Servier announced that the U.S. Food and Drug Administration (FDA) has approved Tibsovo® (ivosidenib

Release date: 2025-12-31 11:34:42     Recommended: 191

On October 24, 2023, Servier, a leader in the oncology field dedicated to bringing tomorrow’s hope to patients, announced today that the U.S. Food and Drug Administration (FDA) has approved Tibsovo® (ivosidenib tablets) for the treatment of patients with relapsed or refractory myelodysplastic syndromes (MDS) harboring an isocitrate dehydrogenase-1 (IDH1) mutation. This marks the fifth indication of Tibsovo in IDH1-mutant cancers, and it is also the first and only targeted therapy approved for the treatment of patients with relapsed or refractory myelodysplastic syndromes diagnosed in this molecularly defined subtype.

Arjun Prasad, Head of Commercial at Servier Pharmaceuticals, stated: “We are proud that Servier is committed to supporting patients with hard-to-treat cancers through continuous innovation and leading the advancement in the field of IDH-mutant inhibition. As the first and only targeted therapy available for patients with IDH1-mutant relapsed or refractory myelodysplastic syndromes, today’s FDA approval of Tibsovo further reinforces our commitment to making significant progress in areas of high unmet medical need and delivering the right treatment to the right patient at the right time.”

The FDA’s approval of this indication was primarily based on a groundbreaking Phase 1, open-label study (n=18) in patients with IDH1-mutant relapsed or refractory myelodysplastic syndromes. The study demonstrated that patients treated with Tibsovo achieved a complete response (CR) rate of 38.9% and an objective response rate (ORR) of 83.3%. Additionally, the median time to complete response was 1.9 months (range: 1.0–5.6 months). At the time of data cutoff, the median duration of complete response had not been reached (range: 1.9–more than 80.8 months), and the median overall survival (OS) was 35.7 months (range: 3.7–88.7 months).

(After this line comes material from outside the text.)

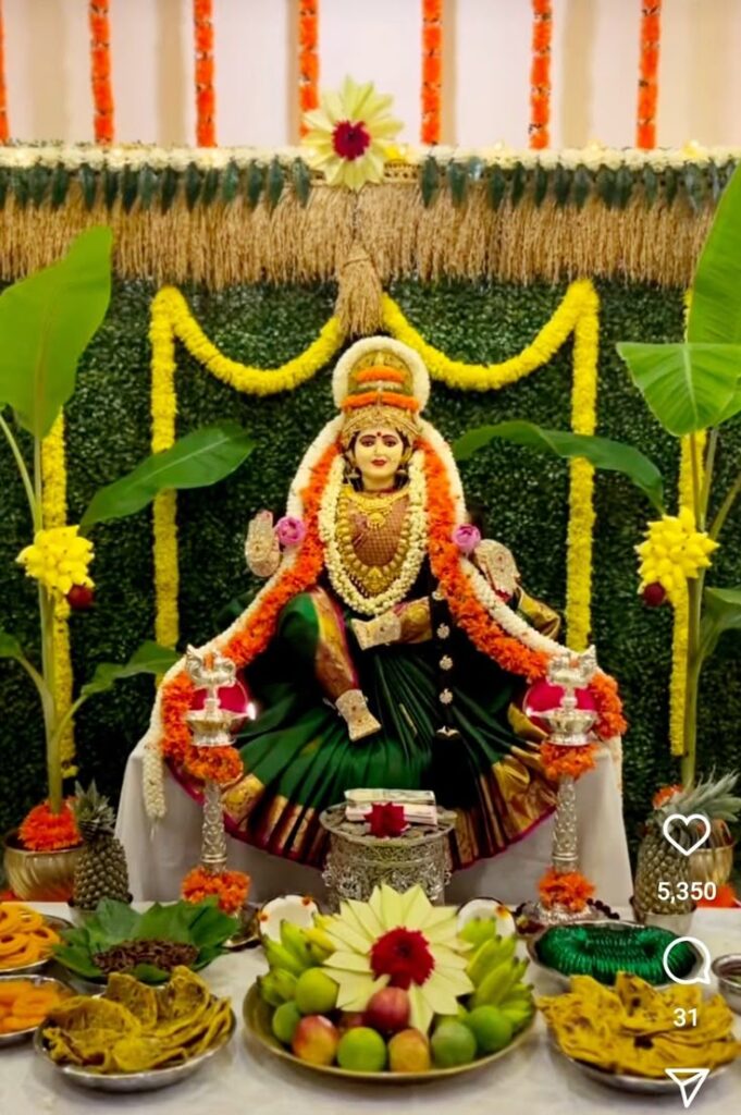 2. ಪೂಜಾ ವೇದಿಕೆ ಅಲಂಕಾರ – ಮೇಲೆ ಹೂವುಗಳಿಂದ ಅಲಂಕಾರ ಮಾಡಿ ಕಲಶ ಸ್ಥಾಪನೆ

Among the 9 patients who were dependent on red blood cell or platelet transfusions at baseline, 66.7% (n=6) achieved transfusion independence for any period of ≥56 days after baseline. Overall, treatment-related adverse events were consistent with the known safety profile of Tibsovo.

Tibsovo is a precision medicine that targets a specific type of mutation—the isocitrate dehydrogenase-1 (IDH1) mutation. To date, Tibsovo has been approved for five indications worldwide, including approvals in the United States, the European Union, Australia, and China.